Each GPU will then load the images from disk, perform a product to find the activations of the next layer and calculate a softmax to get class-belonging probabilities.

Finally, the loss is computed by summing over the dimensions and a reduction with sum is performed to compute the overall loss over the entire batch.

e5c9c75b16274b868d13c8ad89c3137a

import torch
import torch.distributed as dist
import torch.multiprocessing as mp
import torchvision
from torchvision import transforms
from utils import rank_print

DSET_FOLDER = "/scratch/"


def main_process(rank, world_size=2):
    print(f"Process for rank: {rank} has been spawned")

    # Setup the distributed processing
    device = setup_distrib(rank, world_size)

    # Load the dataset in all processes download only in the first one
    if rank == 0:
        dset = torchvision.datasets.CIFAR10(DSET_FOLDER, download=True)

    # Make sure download has finished
    dist.barrier()

    # Load the dataset
    dset = torchvision.datasets.CIFAR10(DSET_FOLDER)

    input_size = 3 * 32 * 32  # [channel size, height, width]
    per_gpu_batch_size = 128
    num_classes = 10
    if dist.get_rank() == 0:
        weights = torch.rand((input_size, num_classes), device=device)
    else:
        weights = torch.zeros((input_size, num_classes), device=device)

    # Distribute weights to all GPUs
    handle = dist.broadcast(tensor=weights, src=0, async_op=True)
    rank_print(f"Weights received.")

    # Flattened images
    cur_input = torch.zeros((per_gpu_batch_size, input_size), device=device)

    # One-Hot encoded target
    cur_target = torch.zeros((per_gpu_batch_size, num_classes), device=device)
    for i in range(per_gpu_batch_size):
        rank_print(f"Loading image {i+world_size*rank} into GPU...")
        image, target = dset[i + world_size * rank]
        cur_input[i] = transforms.ToTensor()(image).flatten()
        cur_target[i, target] = 1.0

    # Compute the linear part of the layer
    output = torch.matmul(cur_input, weights)
    rank_print(f"\nComputed output: {output}, Size: {output.size()}.")

    # Define the activation function of the output layer
    logsoftm = torch.nn.LogSoftmax(dim=1)

    # Apply activation function to output layer
    output = logsoftm(output)
    rank_print(f"\nLog-Softmaxed output: {output}, Size: {output.size()}.")

    loss = output.sum(dim=1).mean()
    rank_print(f"Loss: {loss}, Size: {loss.size()}")

    # Here the GPUs need to be synched again
    dist.reduce(tensor=loss, dst=0, op=dist.ReduceOp.SUM)

    rank_print(f"Final Loss: {loss/world_size}")


if __name__ == "__main__":
    mp.spawn(main_process, nprocs=2, args=())

PyTorch Lightning

When you have your Pytorch Lightning module defined, scaling to multiple GPUs and multi nodes is very straightforward (more details here):

trainer = Trainer(gpus=8, strategy="ddp")
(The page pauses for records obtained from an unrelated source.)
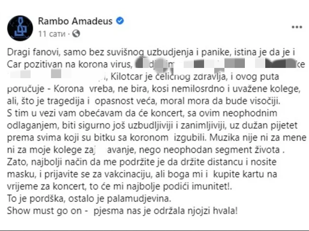 – Dragi fanovi, samo bez suvišnog uzbuđenja i panike, istina je da je i Car pozitivan na korona virus. Kilotcar je čeličnog zdravlja, i ovog puta poručuje – Korona vreba, ne bira, kosi nemilosrdno i uvažene kolege, ali, što je tragedija i opasnost veća, moral mora da bude viši. S tim u vezi vam obećavam da će koncert, sa ovim neophodnim odlaganjem, biti sigurno još uzbudljiviji i zanimljiviji, uz dužan pijetet prema svima koji su bitku sa koronom izgubili. Muzika nije ni za mene ni za moje kolege zaj*bavanje, nego neophodan segment života. Zato, najbolji način da me podržite je da držite distancu i nosite masku, i prijavite se za vakcinaciju – poručio je Pušić putem Fejsbuka.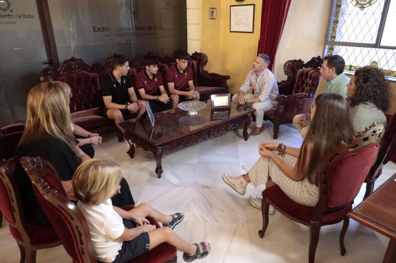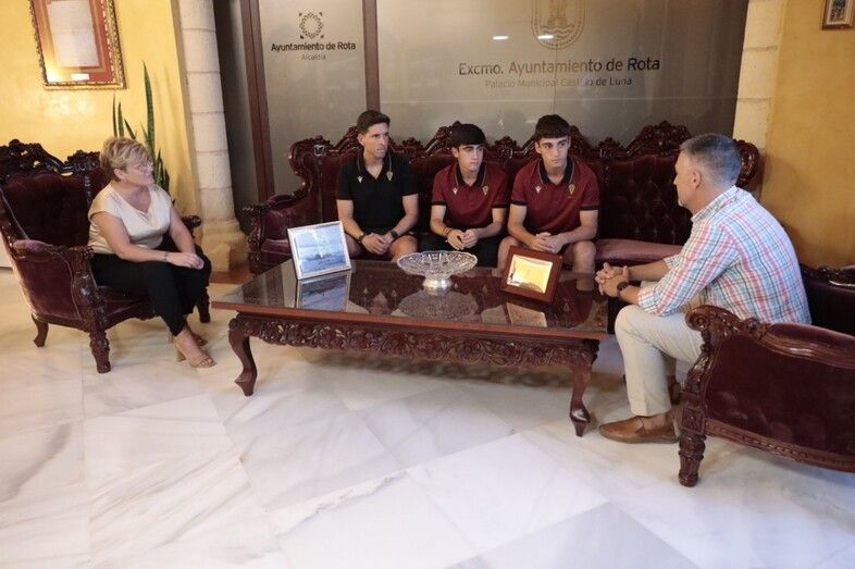 Esta semana, el alcalde de Rota, Javier Ruiz Arana, ha recibido en el Palacio Municipal Castillo de Luna a tres roteños que han participado en un torneo internacional de fútbol en China. Se trata concretamente de los jugadores Gabriel Reyes y Manuel Letrán y el entrenador Pedro Mateos, todos ellos pertenecientes al equipo de fútbol categoría cadete División de Honor del Cádiz C.F.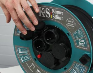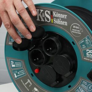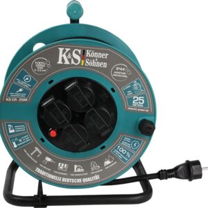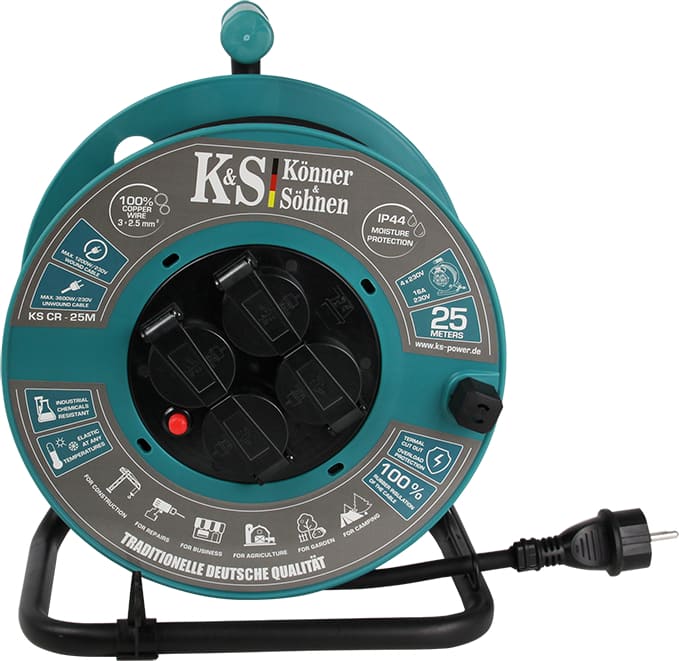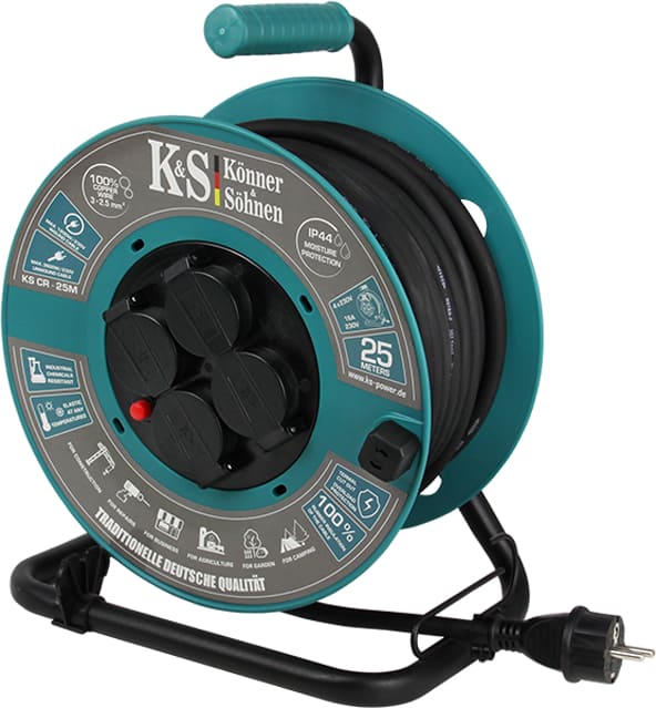 Könner & Söhnen® KS-CR-25M on vastupidav 25-meetrine pikendusjuhe poolil, mis sobib kasutamiseks nii sise- kui välitingimustes, sealhulgas niisketes ja nõudlikes tööoludes. IP44 kaitseklass tagab kaitse pritsiva vee ja tahkete osakeste eest, mistõttu on see ideaalne ehitusplatsile, aeda, garaaži või töökoja jaoks.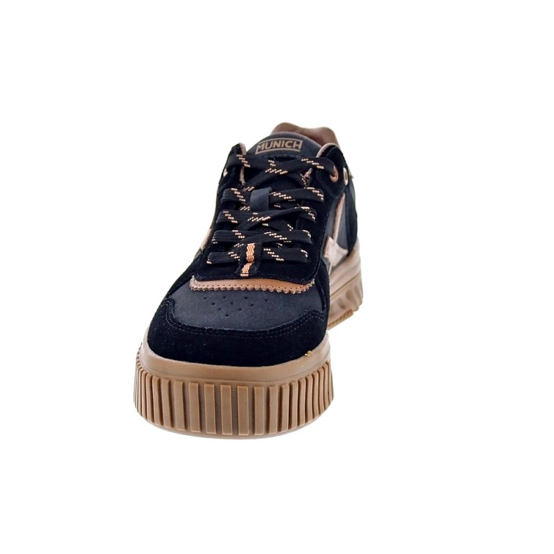 Descubre las zapatillas Munich Mina 08 para mujer, perfectas para agregar un toque de estilo a cualquier outfit casual. Elaboradas en materiales sintéticos y textil en un elegante color negro con detalles en marrón, estas zapatillas combinan a la perfección con una variedad de prendas. El cierre de cordones permite un ajuste seguro, mientras que la plantilla extraíble proporciona comodidad durante todo el día.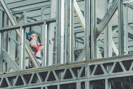 Construction Worker on Duty. Caucasian Men Building Steel Frame Building Structure. Industrial Theme.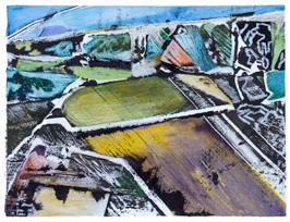 Und noch die „Verwandlungen“ I-XXII (alle 2018), die neueste, in hochkomplexen künstlerischen Verfahren entstandene Bilderfolge, ist ohne die Farbe Blau nicht zu denken. „Ohne Blau geht gar nichts“, sagt Astrid Albers selber. Die „Verwandlungen“ sind als Acryldrucke auf Bütten gefertigt, wobei die Künstlerin in einem weiteren Arbeitsschritt mit Ölkreide in den Druck hineinmalt. Formalere Arbeiten sind dadurch entstanden. Weiße Spuren – ein Stück bewußt unbedrucktes Papier – und schwarze Linien teilen streng abgegrenzte Farbflächen voneinander ab, und trotz aller Binnenstrukturierung dieser Flächen trennt unser Auge einzelne Farbfelder. Gerade Linien unterteilen das Bild, ich denke an Äcker und Wiesen. Hier läuft nichts ineinander oder umschlingt sich in quirligem Tanz. Eisblau ist das Blau, und kühle Pastelltöne beherrschen die Bildflächen: Fliederfarben und Veroneser Grün, Weißgrau und Hellgelb, hier und da ein bißchen Altrosa. In langen Strähnen stürzt ein Wasserfall zu Tal (XXII). Wenn es Küsten sind, die man sehen kann, dann sind es diesmal wirklich ganz nördliche. Hat so die Zukunft begonnen?

Yes, seems impossible, but it’s real. In most cases this is all you need to run multi GPU training.

Conclusion

We have seen how the basic collective primitives for communication work in a multi GPU environment. The reduction and broadcast operations are maybe the most important ones, allowing for delivery of data to all nodes and to perform mathematical operations on the data present in all the nodes.

We have seen how we can use these collectives to perform a calculation of the loss of a neural network, but the same can be extended to any type of parallelizable computation.

Finally, we saw how simple it is to set a PyTorch Lightning training to use multiple GPUs.

References

Pytorch Documentation on Distributed Communication. https://pytorch.org/docs/stable/distributed.html

NVIDIA NCCL Developer Guide. https://docs.nvidia.com/deeplearning/nccl/user-guide/docs/overview.html

PyTorch Lightning Multi-GPU Training. https://pytorch-lightning.readthedocs.io/en/stable/advanced/multi_gpu.html

Concurrent Programming and Operating Systems. Stallings, William. Operating Systems : Internals and Design Principles. Upper Saddle River, N.J. :Prentice Hall, 2001.